Ce dossier présente le cadre juridique applicable, les enjeux opérationnels pour la direction et les investisseurs, ainsi que les leviers disponibles pour sécuriser une entrée au capital d'une société française.

Pourquoi le contrôle IEF est-il devenu un enjeu central pour les opérations de capital-investissement ?

Le contrôle des investissements étrangers en France ne se limite plus à quelques industries régaliennes. Depuis le renforcement progressif du dispositif, le périmètre des secteurs sensibles s'est élargi pour couvrir des activités de technologie, d'énergie, d'infrastructure numérique et de santé. Pour un fonds de capital-investissement ou pour l'investisseur stratégique étranger qui cible une PME ou une ETI française dans ces domaines, la qualification IEF est aujourd'hui un préalable, non une formalité.

Dans notre pratique des entrées au capital de sociétés françaises, nous observons que l'enjeu est souvent sous-estimé en phase de pré-signature. L'investisseur étranger identifie une cible, négocie les termes économiques, prépare le financement – et découvre parfois tardivement que l'opération requiert une autorisation dont l'instruction peut s'étaler sur plusieurs semaines. Ce retard affecte le calendrier, peut fragiliser la confiance des parties et, dans certains cas, conduit à une renégociation des conditions financières.

L'enjeu économique est réel : une opération de capital-investissement réalisée sans autorisation alors qu'elle en requiert une est frappée de nullité en application des textes du Code monétaire et financier.

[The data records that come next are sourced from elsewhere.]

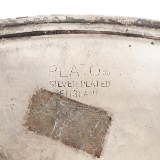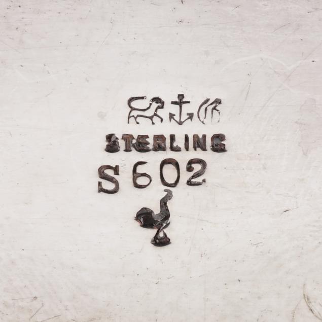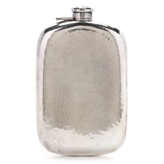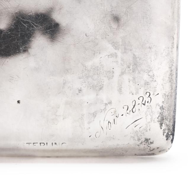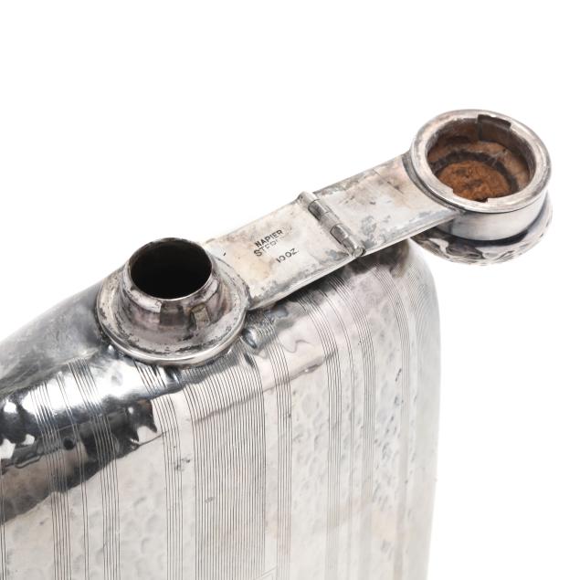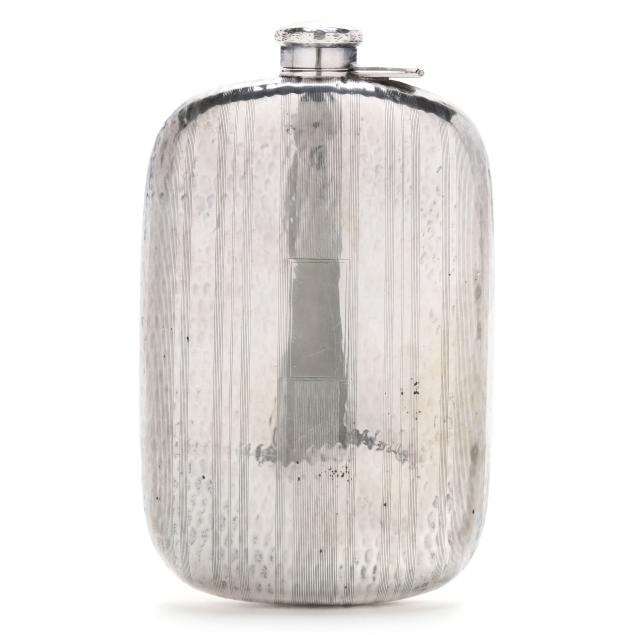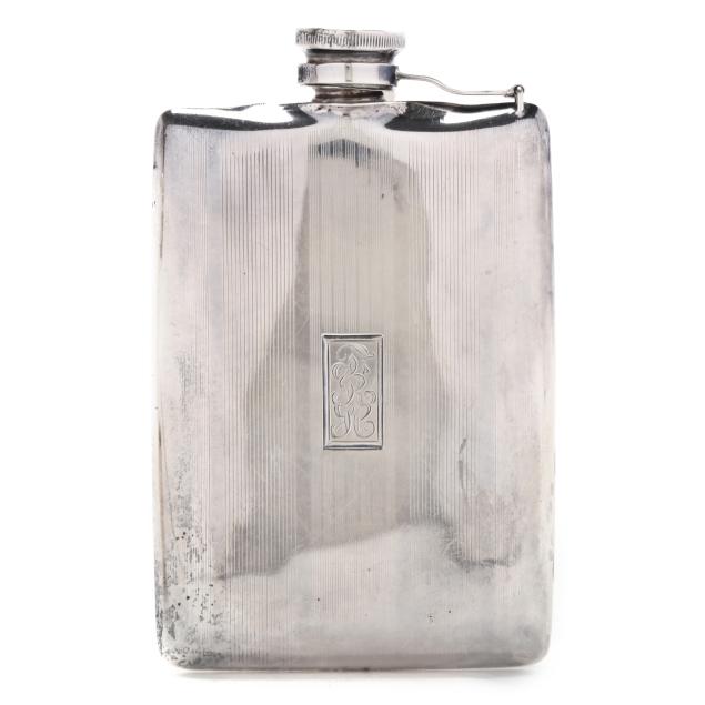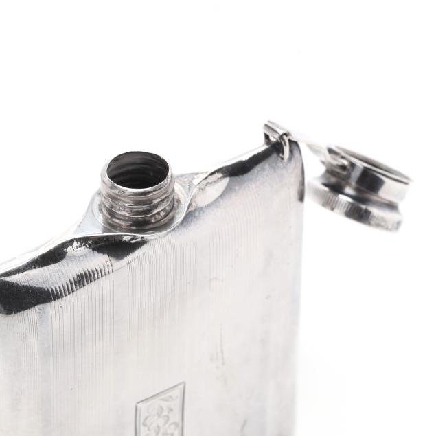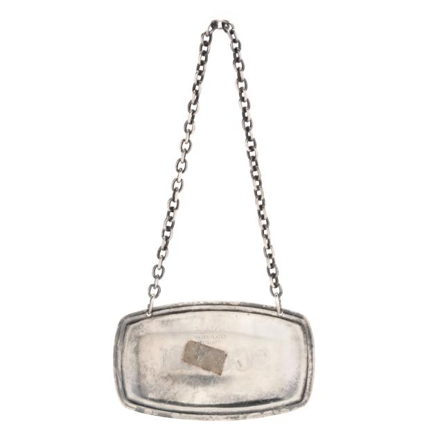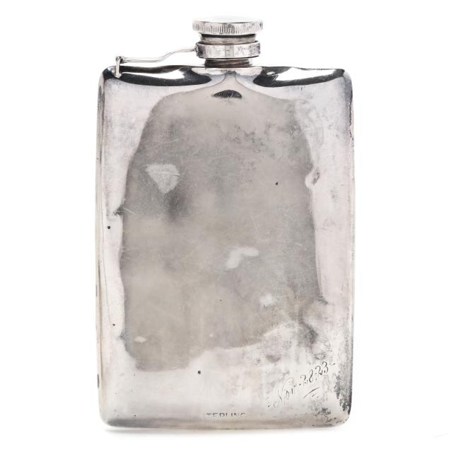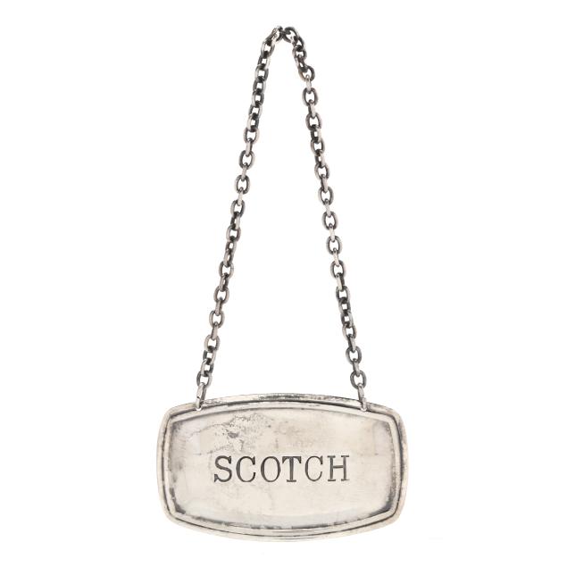 The largest, mark of Napier, featuring a hammered and engraved surface, not monogrammed (6 1/2 x 4 in.); the next, marked "Sterling", featuring engraved striations to the surface, dated. "Nov 28-23", and monogrammed; the third, a sterling mounted glass bottle, mark of Gorham, pattern number S602, with gold wash to the interior, not monogrammed; and a silver-plated liquor tag engraved "Scotch", made in England.
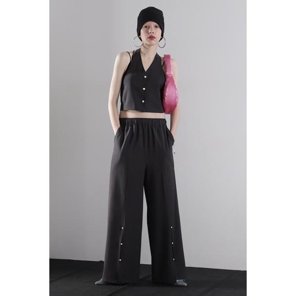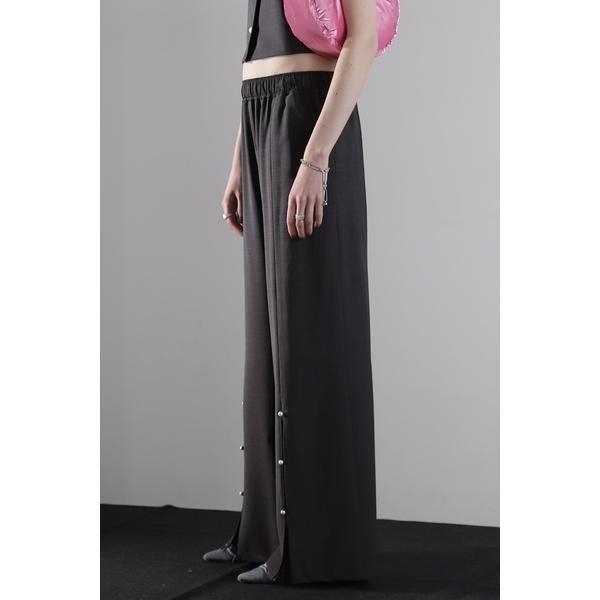 メランジでマニッシュな印象のスーツ素材を使用し、ワイドで格好よく履きこなしてもらえるシルエットに仕上げました。
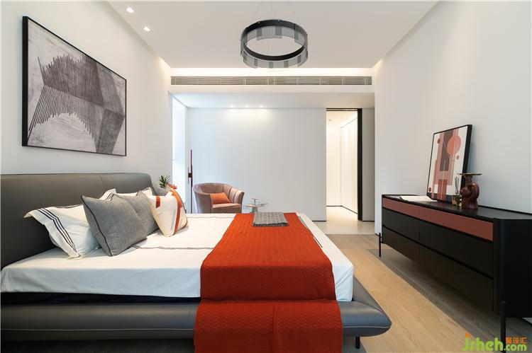 主臥部分延續(xù)了客廳風(fēng)格,黑色皮質(zhì)的大床舒適高級(jí),加之紅色床品的點(diǎn)綴,好看又吸睛。床頭的黑白紋理掛畫,緩和了整面大白墻的尷尬,也是顏值提升的一大關(guān)鍵。
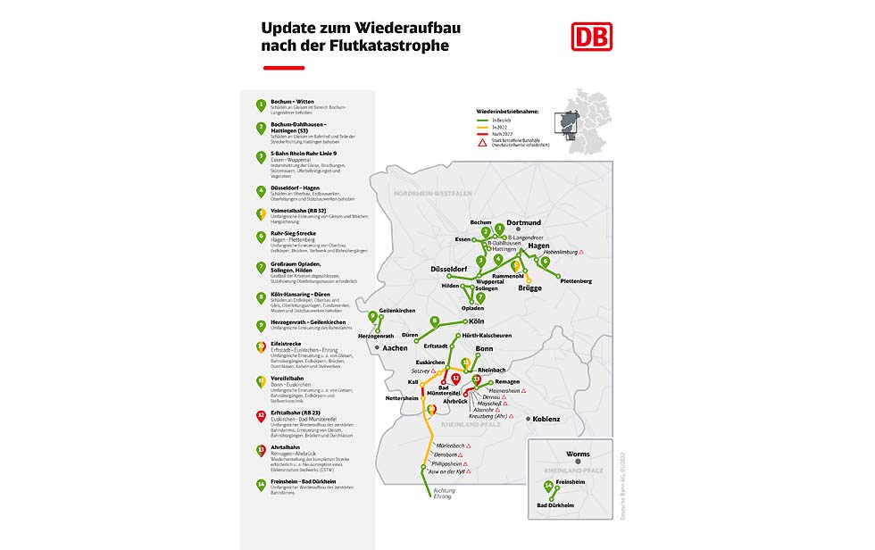 22.03.2022 Zeitplan für Gesamtaufbau der Ahrtalbahn steht.. Züge sollen 2025 wieder durchgängig von Remagen nach Ahrbrück fahrenBauarbeiten zwischen Walporzheim und Ahrbrück starten im ersten Quartal 2023 • Klimaresilienter Wiederaufbau und neueste Technik wo immer möglich • Prüfung der Elektrifizierung • Neue Info-Website zur Ahrtalbahn ab AprilDie Deutsche Bahn (DB) hat in Hei... |

Les conséquences pour la cible, pour ses actionnaires et pour les établissements financiers qui ont participé au financement sont directes.

Pour un premier examen de vos opérations au regard du contrôle IEF

La procédure décrite dans ce dossier vaut pour les situations courantes. Votre opération suppose une qualification individualisée au regard de l'activité de la cible, de la structure d'acquisition et des textes applicables.

Écrivez-nous à contact@vernaylestang.com pour une analyse préliminaire de votre dossier.

Quel est le cadre juridique du contrôle IEF applicable aux opérations de capital-investissement ?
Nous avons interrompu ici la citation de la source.